= Horace William Lee =

Optical designer

Horace William Lee was an optical designer responsible for developing multiple influential lens designs, including the Opic (1920), an asymmetric large-aperture double Gauss lens, and the inverted telephoto wide-angle lens (1930), while working for the English optics firm Taylor, Taylor & Hobson (TT&H), which manufactured lenses in Leicester under the Cooke brand. Lee's designs helped to develop the modern cinematography industry, with high-speed lenses enabling sound synchronization, and the inverted telephoto providing enough space for a beam-splitter apparatus to capture color.

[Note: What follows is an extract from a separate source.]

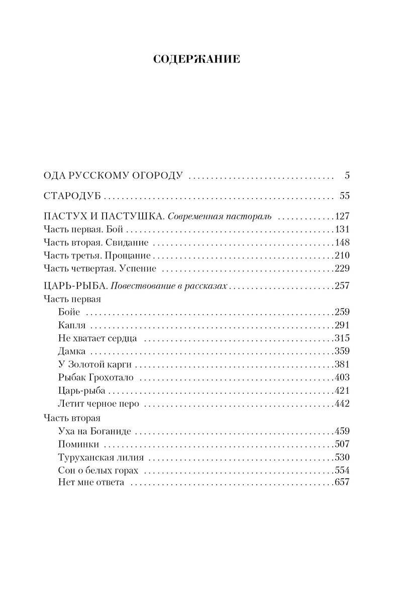 Виктор Петрович Астафьев (1924-2001) родился в сибирском селе Овсянка на берегу Енисея. В 1942 году добровольцем отправился на фронт и прошел всю войну простым солдатом. В трудное послевоенное время сменил множество профессий: работал и плотником, и слесарем, и грузчиком… Главные темы астафьевского творчества - деревенская и военная - во многом автобиографичны. Страстный рыбак, охотник, труженик и воин, все, о чем он писал в своих книгах, Астафьев знал не понаслышке. О несовместимости войны и жизни и о том, как трудно сохранить себя, даже вернувшись с войны без единой царапины. О сибирской природе, ее суровых таежных законах и первозданной красоте, доступной тем, кто не утратил с миром исконной связи. О поэзии крестьянского труда и поисках подлинной веры; о необходимости вернуться "к себе, к тому, каким ты задуман Создателем и взращен природой". В настоящее издание включены избранные произведения Виктора Астафьева: современная пастораль "Пастух и пастушка", повествование в рассказах "Царь-рыба", повести "Стародуб" и "Ода русскому огороду".| Издательство | Азбука-Аттикус Издат.группа ООО |
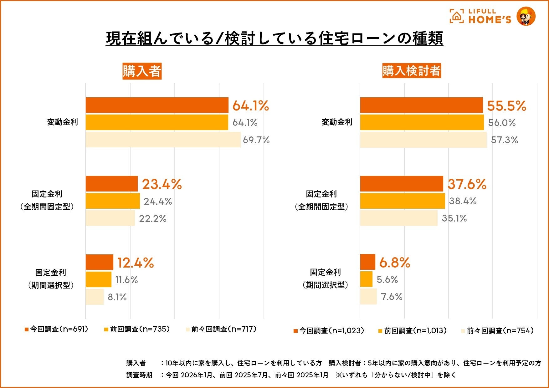購入者には現在組んでいる住宅ローンの種類、購入検討者には検討している住宅ローンの種類について聞いたところ、共に「変動金利」が最多となりました。その割合は購入者が64.1%(25年7月調査(以下「前回調査」):64.1%)と変化がなかった一方で、購入検討者が55.5%(前回調査:56.0%)と前回より選択割合が低くなりました。固定金利では購入者、購入検討ともに「全期間固定型」は微減し「期間選択型」が微増しています。購入者においては「期間選択型」が25年1月調査(以下「前々回調査」)から4pt増えています。金利上昇への懸念は依然として強く、「変動金利」一択ではなく「期間選択型」を選択、検討する状況がうかがえます。[画像2: https://prcdn.freetls.fastly.net/release_image/33058/798/33058-798-304689fbbba06202e8b41b7ecfea84ea-1754x1240.jpg?width=536&quality=85%2C75&format=jpeg&auto=webp&fit=bounds&bg-color=fff ]

==Early life and education==
Horace Lee was born in January 1889 and graduated from Cambridge University in 1911 with a Bachelor of Arts degree. He married Grace Burrows (1893–1981) in March 1919 and the couple had three sons. Burrows was an accomplished violinist and teacher who helped to organize the Leicester Symphony Orchestra.

==Career==

Asymmetric double Gauss lens design by Lee (1920); GB 157,040

Lee started at TT&H in 1913 as the assistant to prolific designer Arthur Warmisham. He developed the first lens in 1920, which subsequently was marketed as the OPIC (1924) and Speed Panchro (1930). Lee's 1920 patent traces the development of the Gauss lens and subsequent double-Gauss type through the 1896 patent by Paul Rudolph, which improved the aperture to ; in comparison, Lee's lens gathered four times as much light by introducing an asymmetry to the lens geometry. Rudolf Kingslake said Lee's design influenced "other designers [who] began to realize the virtues of this type of construction", including German designers Tronnier (Schneider Xenon, 1925), Merté (Zeiss Biotar, 1927), and Berek (Leitz Summar, 1933) The Jazz Singer (1927) was filmed using OPIC lenses; as the first feature-length fully sound-synchronized motion picture, the fast OPIC lenses were needed to compensate for the increased frame rate and decreased illumination. The OPIC lenses were rebranded as Speed Panchro and offered in a variety of focal lengths, ranging from 24 to 108 mm, starting from 1930.

Inverted telephoto lens design by Lee (1930); GB 355,452

That year, Lee also patented the inverted telephoto lens design, which allowed color reproduction for the motion picture industry. In Lee's design, the inverted telephoto arrangement creates a flange focal distance that exceeds the focal length, giving the camera designer more room to insert mechanical equipment. Lee's invention allowed the insertion of a beamsplitter between the lens and film, which separated light into three color components which were recorded simultaneously and recombined in the Technicolor process. This was developed later after World War II by Pierre Angénieux, which he marketed as the Retrofocus lens. Inverted telephoto designs became predominant for wide angle lenses used on single-lens reflex cameras, which required a longer flange focal distance to clear the bulky moving mirror that relays the image to the viewfinder.

Lee left TT&H in 1936 and joined a series of companies after that, including Scophony, Pullin, and Aldis, publishing scientific articles on lenses and optics until 1945; Burrows and Lee moved to Warsash near Southampton in their later years. He died in 1976 and is buried in Warsash.